I've come up with a rough design for how these might look to the DBA (installing the user-defined aggregates), SQL developer (writing the queries) and java developer (implementing the user-defined aggregates as java classes). I'd like your feedback.
 
We could have implemented user-defined aggregates in C or C++, but we discounted that possibility for now. Even though C/C++ would be a bit faster, and we would be easier to integrate into existing XOs, it is painful to write C/C++ code, compile it, link and integrate into LucidDB, and debug the inevitable crashes and memory leaks. To use these aggregations implemented in Java, we will need to write some new execution objects (XOs) that can do aggregation in Java, but that's a topic for another email thread.
 
As often happens, there are simple core requirements that could be satisfied with a simple design, and t here are more complex requirements that require a more powerful design. The complex requirements lead us to create an 'Aggregate' interface that can dialog with the query validator, telling the validator what the aggregate function is capable of, and producing an implementation that meets the query's needs.
 
The core requirements:
  1. User-defined aggregate functions are not really 'functions'. You could say that they are functions from a set of values to a scalar result, but it's not practical to build up a huge set. Real-world aggregate functions have an accumulator, an 'add' operator that gets applied for each incoming row, and a 'result' operator to get the final result.
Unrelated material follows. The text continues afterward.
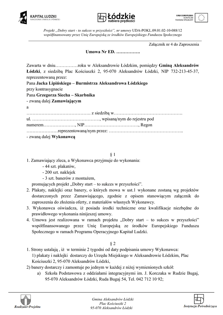 Projekt „Dobry start - to sukces w przyszłości”, nr umowy UDA-POKL.09.01.02-10-088/12 współfinansowany przez Unię Europejską ze środków Europejskiego Funduszu Społecznego Załącznik nr 4 do Zaproszenia Umowa Nr ED. ……………. Zawarta w dniu……………roku w Aleksandrowie Łódzkim, pomiędzy Gminą Aleksandrów Łódzki, z siedzibą Plac Kościuszki 2, 95-070 Aleksandrów Łódzki, NIP 732-213-45-37, reprezentowaną przez: Pana Jacka Lipińskiego – Burmistrza Aleksandrowa Łódzkiego przy kontrasygnacie Pana Grzegorza Siecha – Skarbnika - zwaną dalej Zamawiającym a ……………………………………. z siedzibą w………………………………………. ul. ………………………………………, wpisaną/nym do rejestru pod numerem…………………, NIP………………………………, Regon …………………reprezentowaną/nym przez: ………………………………………….. - zwaną dalej Wykonawcą §1 1. Zamawiający zleca, a Wykonawca przyjmuje do wykonania: - 44 szt. plakatów, - 200 szt. naklejek - 3 szt. banerów z montażem, promujących projekt „Dobry start – to sukces w przyszłości”. 2. Plakaty, naklejki oraz banery, o których mowa w ust.1 wykonane zostaną wg projektów dostarczonych przez Zamawiającego, zgodnie z opisem stanowiącym załącznik do zaproszenia do złożenia oferty, z materiałów własnych Wykonawcy. 3. Wykonawca oświadcza, iż posiada środki techniczne oraz kwalifikacje niezbędne do prawidłowego wykonania ninijeszej umowy. 4. Umowa jest realizowana w ramach projektu „Dobry start – to sukces w przyszłości” współfinansowanego przez Unię Europejską ze środków Europejskiego Funduszu Społecznego w ramach Programu Operacyjnego Kapitał Ludzki. §2 1. Strony ustalają , iż w terminie 2 tygodni od daty podpisania umowy Wykonawca: 1) plakaty i naklejki dostarczy do Urzędu Miejskiego w Aleksandrowie Łódzkim, Plac Kościuszki 2, 95-070 Aleksandrów Łódzki, 2) banery dostarczy i zamontuje po jednym w każdej z niżej wymienionych szkół: a) Szkoła Podstawowa z oddziałami integracyjnymi im. J. Korczaka w Rudzie Bugaj, 95-070 Aleksandrów Łódzki, Ruda Bugaj 54, Tel. 042 712 10 92; Gmina Aleksandrów Łódzki Plac Kościuszki 2 95-070 Aleksandrów Łódzki Projekt „Dobry start - to sukces w przyszłości”, nr umowy UDA-POKL.09.01.02-10-088/12 współfinansowany przez Unię Europejską ze środków Europejskiego Funduszu Społecznego b) Szkoła Podstawowa im. Ryszarda Wyrzykowskiego w Bełdowie, 95-070 Aleksandrów Łódzki, Bełdów 37, Tel. 042 712 14 94; c) Szkoła Podstawowa im. Ks. Stefana Kardynała Wyszyńskiego Prymasa Tysiąclecia w Rąbieniu, 95-070 Rąbień, ul. Słowiańska 5, Tel. 042 712 19 24 po wcześniejszym uzgodnieniu szczegółowego terminu z Zamawiającym. 2. Wykonawca zobowiązany jest do montażu banerów w miejscach wskazanych przez Zamawiającego, z uwzględnieniem wymogów bezpieczeństwa oraz przewidywanym 2-letnim okresem wykorzystywania baneru. §3 1. 2. W razie stwierdzenia w toku odbioru, że przedmiot ma wady lub jest niezgodny z opisem załączonym do zaproszenia, Zamawiający odmówi jego przyjęcia, a Wykonawca zobowiązany jest do dostarczenia przedmiotu wolnego od wad bądź zgodnego z opisem. Zaistnienie sytuacji określonej w ust. 2 nie powoduje przedłużenie terminu określonego w § 2 umowy. §4 Wykonawca zobowiązuje się, do udzielenia wszelkich niezbędnych wyjaśnień dotyczących przedmiotu niniejszej umowy zarówno w czasie jej wykonywania jak i po jej wykonaniu Zamawiającemu jak i instytucjom kontrolującym. 1. 2. 1. 2. 3. 4. 5. §5 Wykonawca nie może powierzyć wykonania przedmiotu umowy innej osobie bez zgody Zamawiającego. Ewentualna zmiana po stronie Wykonawcy, dokonana w trybie ust. 1 nie może prowadzić do zwiększenia wynagrodzenia określonego w § 6 ust. 1 umowy. §6 Strony ustalają, że obowiązującą formą wynagrodzenia będzie wynagrodzenie ryczałtowe, które wraz z należnym podatkiem od towarów i usług VAT będzie wynosiło: …………………………………. zł brutto (słownie ……………………………. zł brutto) Cena ryczałtowa obejmuje wynagrodzenie za wszystkie obowiązki Wykonawcy, niezbędne dla zrealizowania przedmiotu umowy. Wynagrodzenie należne Wykonawcy będzie płatne po należytym wykonaniu przedmiotu umowy oraz po przedłożeniu Zamawiającemu rachunku/ faktury, wraz z potwierdzeniem odbioru przedmiotu umowy przez uprawnionego przedstawiciela Zamawiającego. Zapłata wynagrodzenia nastąpi na rachunek bankowy wskazany przez Wykonawcę w terminie 30 dni licząc od daty dostarczenia rachunku/ faktury wraz z potwierdzeniem odbioru przedmiotu umowy do siedziby Zamawiającego. Za dzień zapłaty uważa się dzień obciążenia rachunku bankowego Zamawiającego. Gmina Aleksandrów Łódzki Plac Kościuszki 2 95-070 Aleksandrów Łódzki Projekt „Dobry start - to sukces w przyszłości”, nr umowy UDA-POKL.09.01.02-10-088/12 współfinansowany przez Unię Europejską ze środków Europejskiego Funduszu Społecznego §7 1. Strony mają prawo naliczania kar umownych za: 1) bezzasadne odstąpienie od umowy: strona odstępująca zapłaci karę umowną w wysokości 20% wartości wynagrodzenia ryczałtowego brutto, 2) nieterminowe wykonanie przedmiotu umowy w wysokości 2 % wynagrodzenia ryczałtowego brutto za każdy dzień zwłoki. 2. Zastrzeżenie kar umownych nie wyklucza dochodzenia odszkodowania na zasadach ogólnych. §8 W sprawach nieuregulowanych w niniejszej umowie będą miały zastosowanie przepisy obowiązujące w Rzeczpospolitej Polskiej, a w szczególności przepisy Kodeksu cywilnego. 1. 2. §9 Wszelkie zmiany i uzupełnienia treści niniejszej umowy wymagają formy pisemnej pod rygorem nieważności w postaci aneksu podpisanego przez obie strony. Ewentualne spory powstałe na tle realizacji przedmiotu umowy strony poddają rozstrzygnięciu sądu mi

  2. Validator needs to be able to deduce the argument types taken by the aggregate function, and the return type.
  3. Need a way to register aggregate functions. The SQL standard does not cover user-defined aggregate functions in the way that it does user-defined functions, but we propose a similar mechanism: the CREATE AGGREGATE FUNCTION command.
The complex requirements:
  1. Operator overloading. (More than one aggregate function with the different typed parameters.)
  2. Aggregate functions that take more than one parameter.
  3. Aggregate functions that return multiple outputs.
  4. Windowed aggregation. Windowed aggregates need to remove values An aggregate function is suitable for windowed agg if it supports the 'remove' operation. But sometimes remove is difficult to implement, so we don't require that all aggregate functions support it.
  5. Optional 'merge' function. (Useful for merging partial results from different partitions using hybrid hash aggregation, or for rolling up rows in aggregate tables.)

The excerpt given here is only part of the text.